In a study conducted at a conference in France, researcher Junhanlu Zhang of the Pasteur Institute found that people are more likely to remember the names of serial interviewers.
Of course, this does not necessarily mean that they will be remembered positively. Maybe they’ll be remembered for being the annoying people who ask questions all the time!
There is another possible reason why the number of women asking questions is lower: the fact that, early in their academic careers, they have fewer role models than other women showing that they need not be afraid to ask questions.
How to solve?
What can be done to allow more women to ask questions whenever they want?
Apparently, the Covid-19 pandemic may have shown the way.
When events began to be held online, a new opportunity emerged to ask questions without having to say a word out loud — just type questions in a window on the screen, sometimes anonymously.
With this, you no longer have to face the inconvenience of waiting with your hand raised, feeling hopeful and fearful that you will be chosen, nor worrying about whether the microphone is working or whether you will stutter during the question while everyone watches.

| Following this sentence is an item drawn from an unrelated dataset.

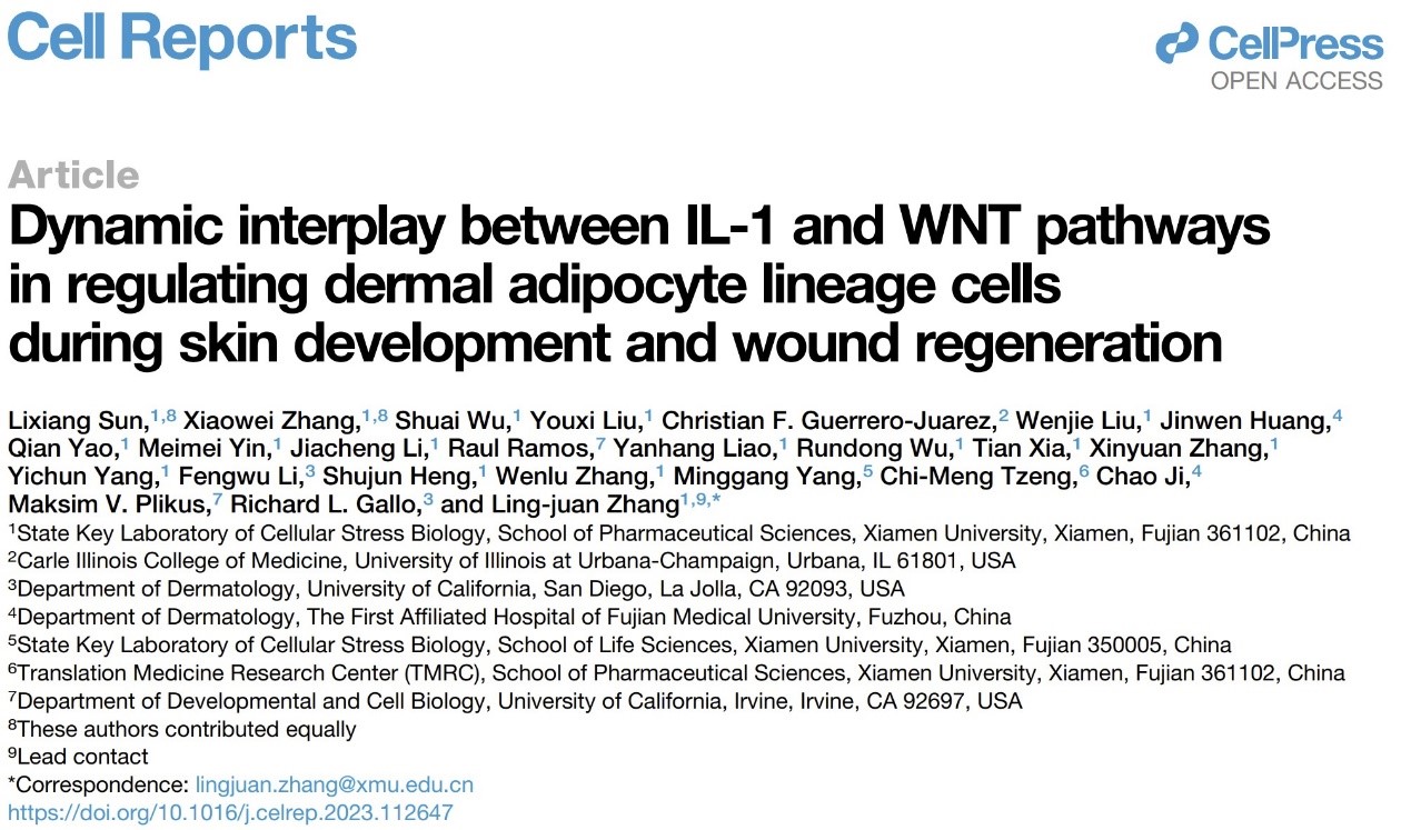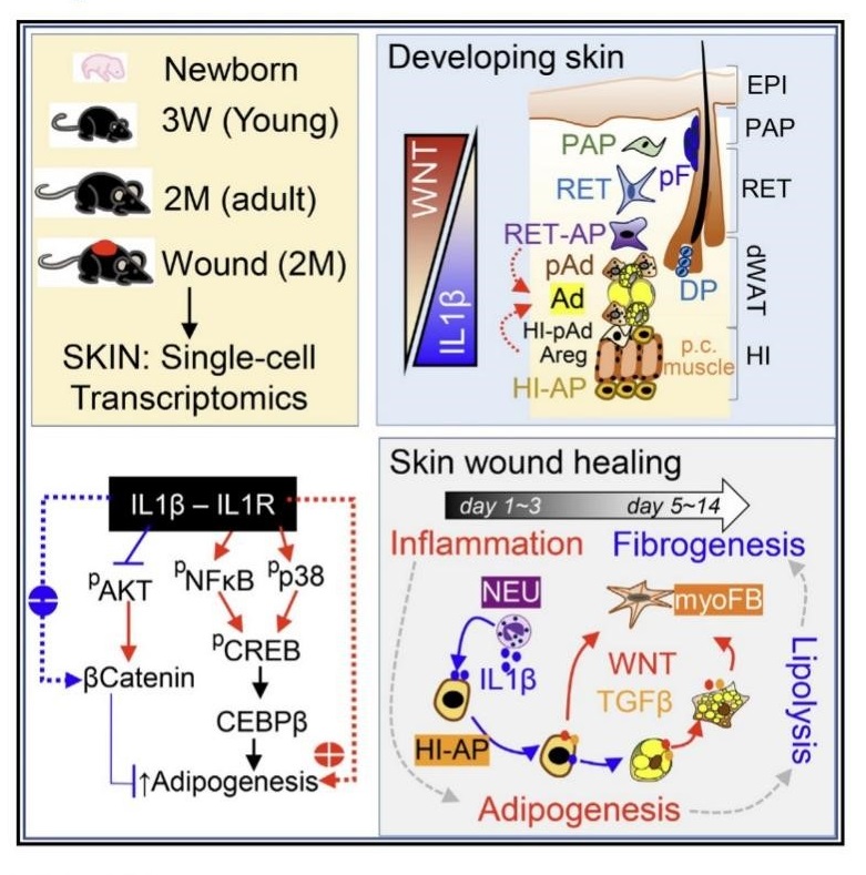 2023年6月,厦门大学细胞应激生物学国家重点实验室张凌娟教授课题组在Cell Reports发表研究论文“Dynamic interplay between IL1 and WNT pathways in regulating dermal adipocyte lineage cells during skin development and wound regeneration”。该研究使用多种转基因小鼠模型,结合不同年龄皮肤和伤口组织的小鼠单细胞转录组测序大数据分析和原代细胞功能验证等手段,首次定义了皮肤中脂肪谱系细胞的异质性,并揭示了皮肤脂肪细胞在伤口中的分化和去分化的途径和调控网络,发现脂肪分化和脂解再分化过程是受IL1-pCREB 和WNT-β catenin通路动态调控的。

Nowadays, more and more in-person events are using apps for participants to submit their questions via cell phone. The mediator is then given a list of questions in a file Wave.
Let’s say the speaker has already commented on your question when you weren’t paying attention (which is something I always worry about when I attend a conference). Well, here comes the best part: Since the moderator is charged with paying attention, he doesn’t introduce superfluous questioning to the participants at the table. It simply ignores issues that have been discussed before.
Naturally, all this would remove some of the anxiety and make women ask as many questions as men at online events, right?
Well, according to Zhang’s study, the answer is no.
It recorded the number of questions asked by women and men at a French bioinformatics conference held online in June 2021. In this field, until recently, participants were mostly men. But when the conference was held online, the number of men and women participants was almost identical.
However, men asked 115 questions, and women asked 57 questions.
Age also made a difference. Men over 35 asked nine times as many questions as younger women and sexual minorities.
In Zhang’s study, the gender of the moderator did not change the mood of the audience. But perhaps there are strategies brokers can adopt to make a difference. Sandstrom believes moderators need to find ways to make everyone feel comfortable asking questions.
It has been observed that when a man asks the first question, fewer women come forward with questions after that. It’s as if the first question sets the tone for the rest of the session.
Perhaps the solution is for the moderator to choose a woman to ask the first question – preferably younger. Of course, this only works if there are some younger women raising their hands in the audience.
When I’m moderating a talk and no women come forward to ask the question, I sometimes tell the audience about research in this area and ask frankly if any women would like to ask the first question.
Zhang’s research reveals another possible solution: taking a short break between the keynote speaker and the start of the question-and-answer session. This is smart technology. It allows people to practice their questions with their neighbors in the audience.
I tried this alternative and was able to get a lot of questions. People can check whether their questions are good, or whether they were not discussed in the lecture while they were not paying attention.
It has also been found that women ask more questions in longer sessions. I know that not everyone will agree with this idea, but it might be helpful to devote more time to questions at the end of lectures.
Currently, we rely on research conducted in academic situations. It would be interesting to see if the same thing also happens at public events.
The advantage of these techniques is that they help not only women, but all people who may feel marginalized and less willing to speak out.